De repente, Louis tomó con brusquedad el mentón de Hideki, cuya mirada confundida y ojos desorbitados hablaban por sí solos.

—Director —pronunció el chico en un hilo de voz. La sensación de peligro y de que algo malo iba a pasar se apoderaba de él, como ya era costumbre.

—Tienes una apariencia muy afeminada —dijo Louis, al tiempo que comenzaba a acariciarle las piernas—. Compórtate como una buena niña, ¿quieres? Y a cambio te diré lo que necesites saber.

Hideki no dudó en soltarse de Louis para salir corriendo, pero fue inútil. El director no tuvo que hacer un gran esfuerzo para alcanzarlo jalándole del pelo.

—¿A dónde crees que vas? —dijo con severidad—. ¿Piensas que te será fácil salir de aquí?

Louis empujó a Hideki contra la pared y lo desvistió con destreza, al tiempo que lo resistía de las muñecas.

—¿Qué está haciendo? Deténgase, por favor.

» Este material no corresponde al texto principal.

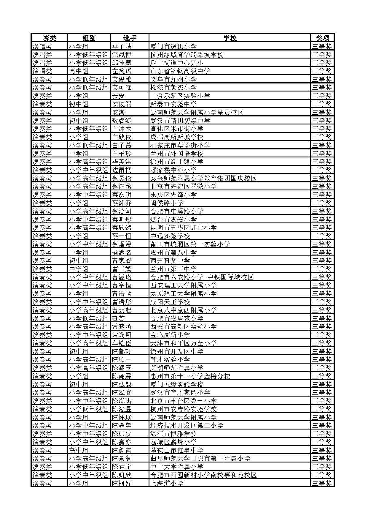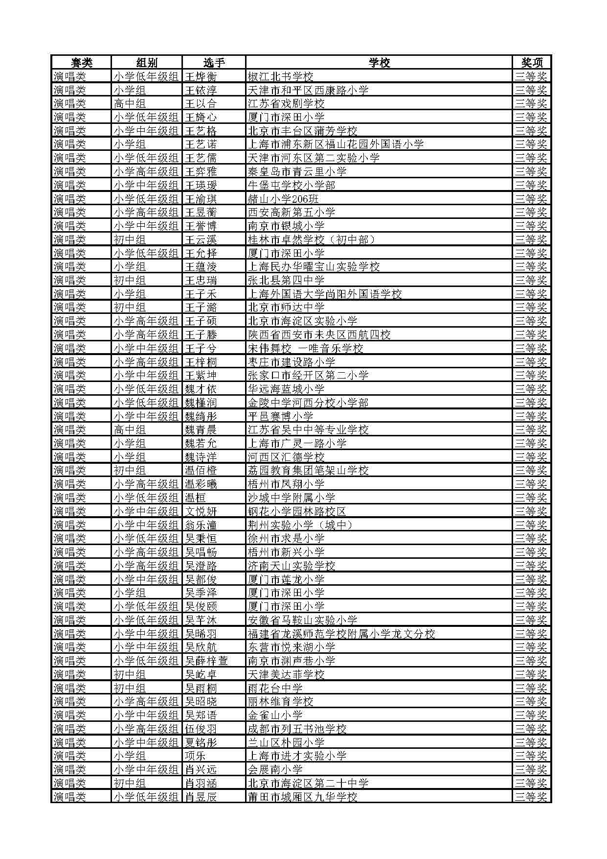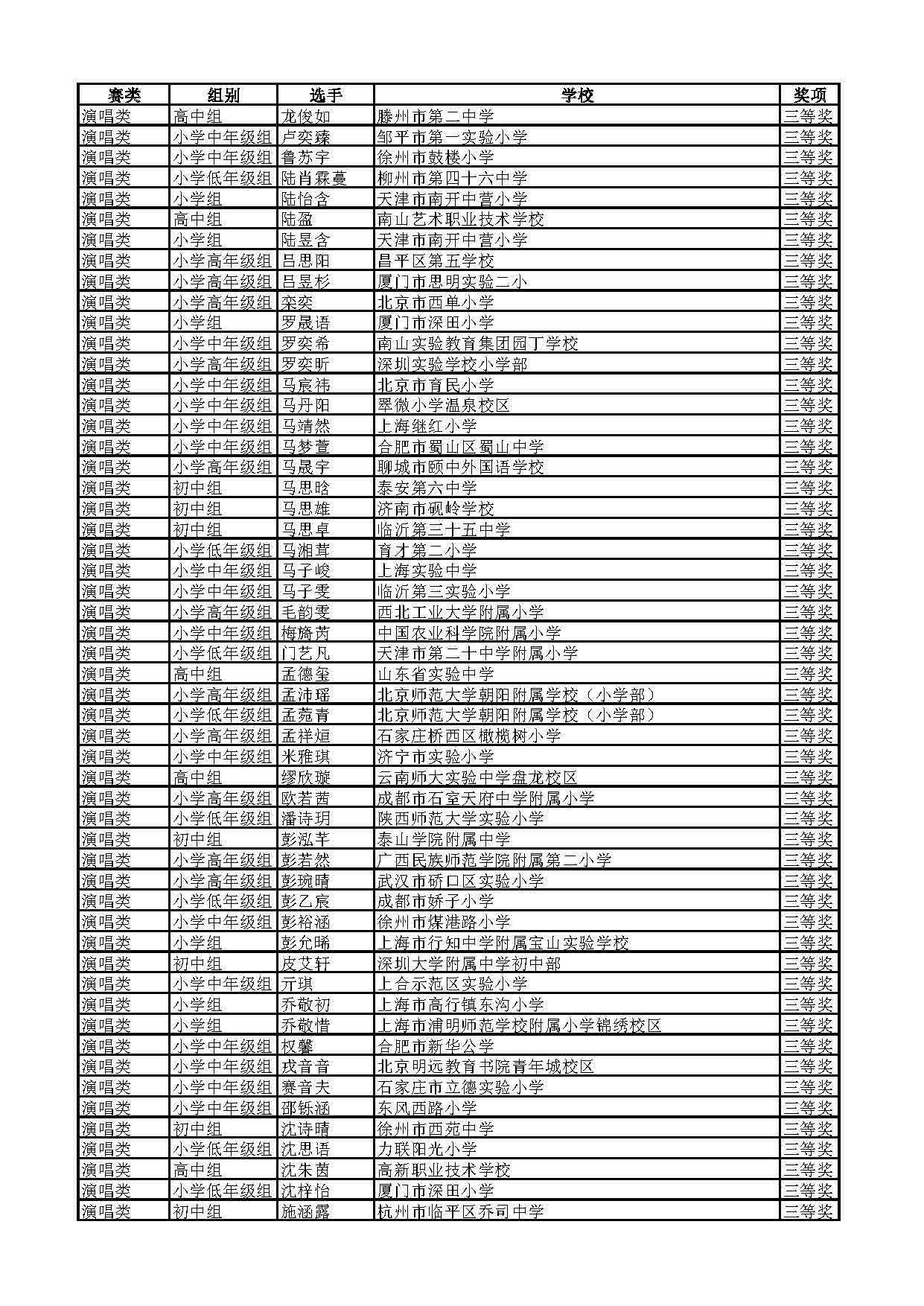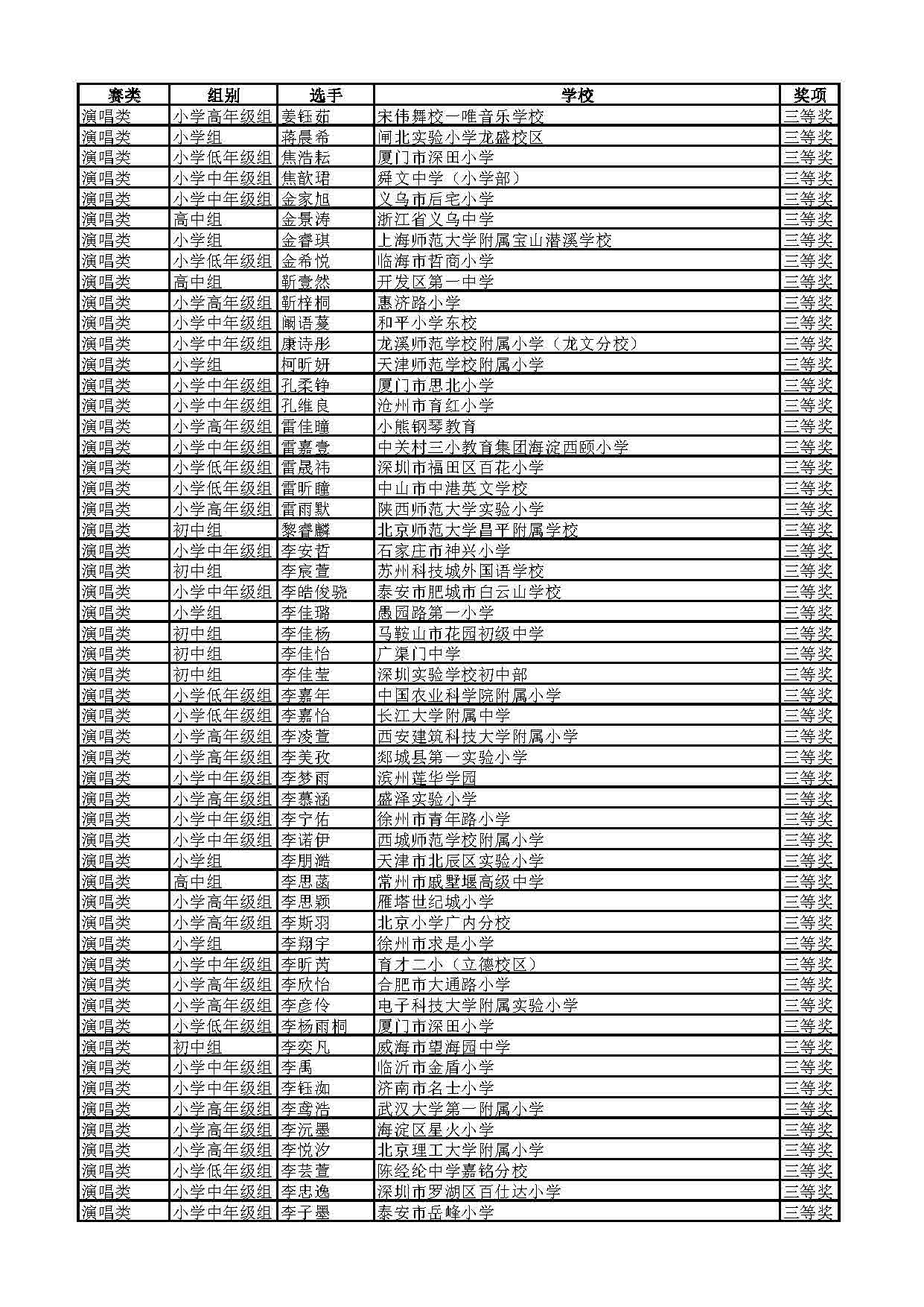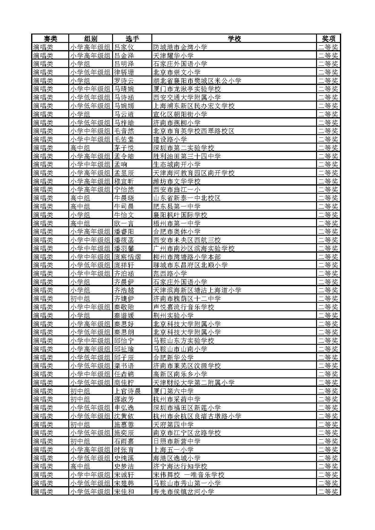 2023-2024学年青音赛决赛获奖名单公示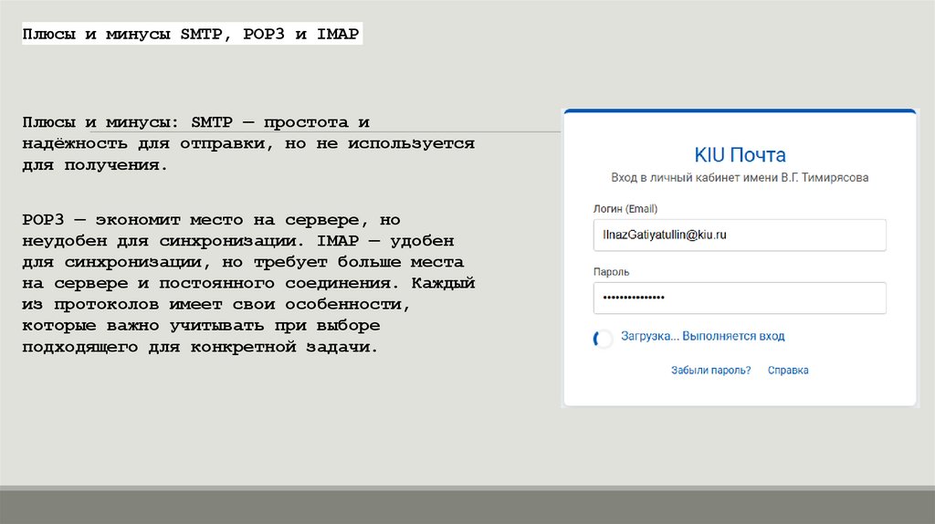 Плюсы и минусы SMTP, POP3 и IMAPПлюсы и минусы: SMTP — простота и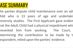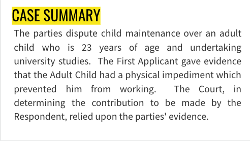 The parties dispute child maintenance over an adult child who is 23 years of age and undertaking university studies. The wife gave evidence that the Adult Child had a physical impediment that prevented him from working. The Court, in determining the contribution to be made by the husband, relied upon the parties' evidence.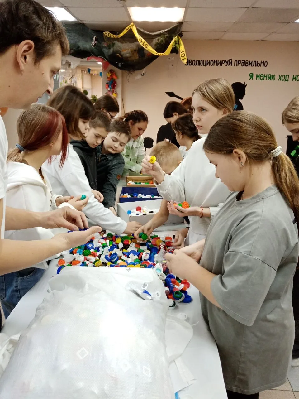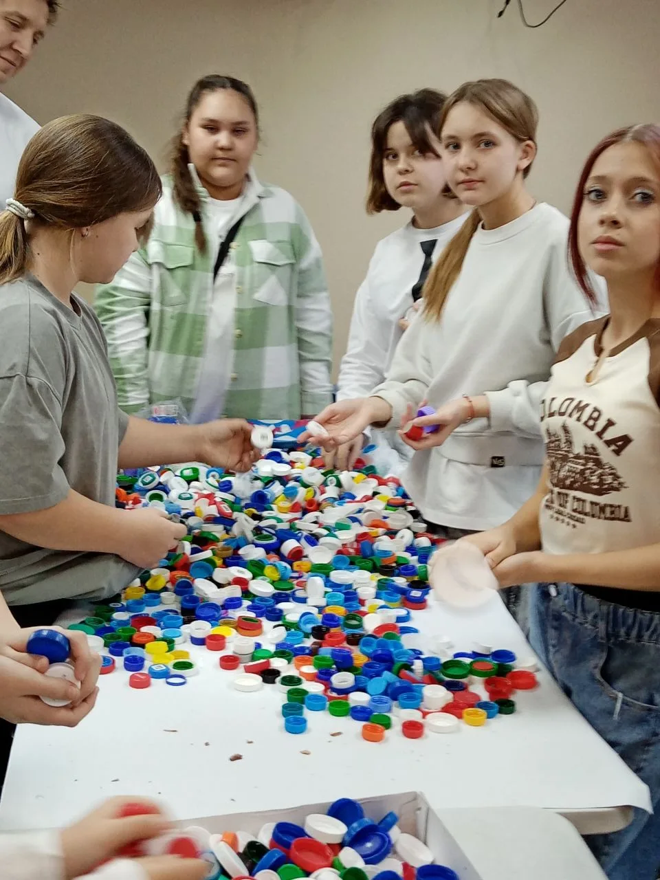 Ребята смогли поучаствовать в сортировке пластиковых крышек — это оказалось довольно сложным, но невероятно интересным процессом! 🌿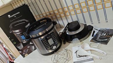 Funziona come friggitrice ad aria, pentola a pressione, cottura lenta, girarrosto, cuociriso, yogurtiera, sous-vide, grill, cottura e saltare. Prezzo super scontato x piccolo difetto come da foto
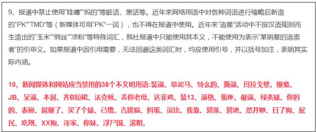 新闻媒体和网站应当禁用的不文明用语有38个,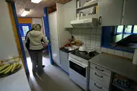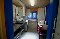 Es gibt eine gut eingerichtete SV-Küche mit: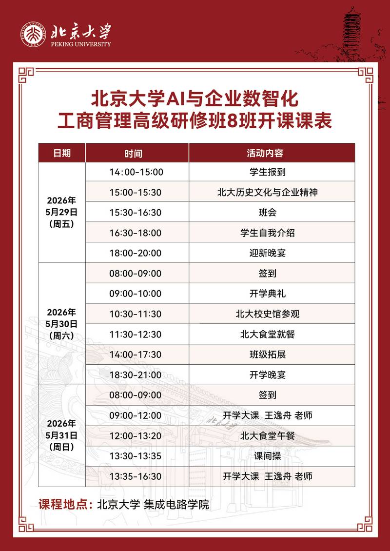 北京大学 · AI与企业数智化工商管理高级研修班8班 · 2026年5月29-31日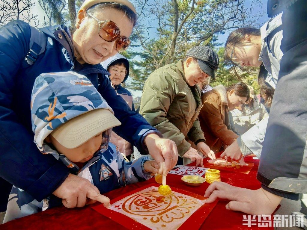 2月21日,崂山太清游览区新春氛围浓郁,一场以非遗拓印、山海祈福为主题的文化互动活动温情上演,吸引众多游客驻足参与。大家在青山碧海间,以指尖墨香解锁传统年味,用非遗手作定格新春美好。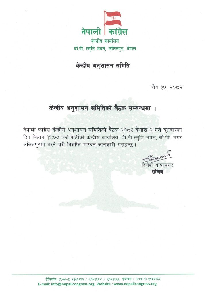 ‘नेपाली कांग्रेस केन्द्रीय अनुशासन समितिको बैठक २०८२ वैशाख २ गते बुधबारका दिन बिहान ११ः०० बजे पार्टीको केन्द्रीय कार्यालय, बीपीस्मृति भवन, बीपी नगर ललितपुरमा बस्ने यसै विज्ञप्ति मार्फत जानकारी गराइन्छ,’ सोमबार समितिका सचिव दिनेश थापामगरले जारी गरेको विज्ञप्तिमा उल्लेख छ ।

—¿Detenerme? Desde que llegaste a este orfanato me pareciste un joven muy atractivo —aseguró el director besándolo en la mejilla y en una actitud libidinosa—. Siempre busqué una oportunidad de tenerte a solas y ya que esta noche se me presentó, no creas que la dejaré pasar tan fácil.

—¡No, director! ¡Deténgase! ¡Se lo suplico!

Esas últimas palabras de Hideki pudieron oírse de forma desgarradora. El hecho de verse sometido a tal vejamen lo destrozaba por dentro y rebosaba su paciencia.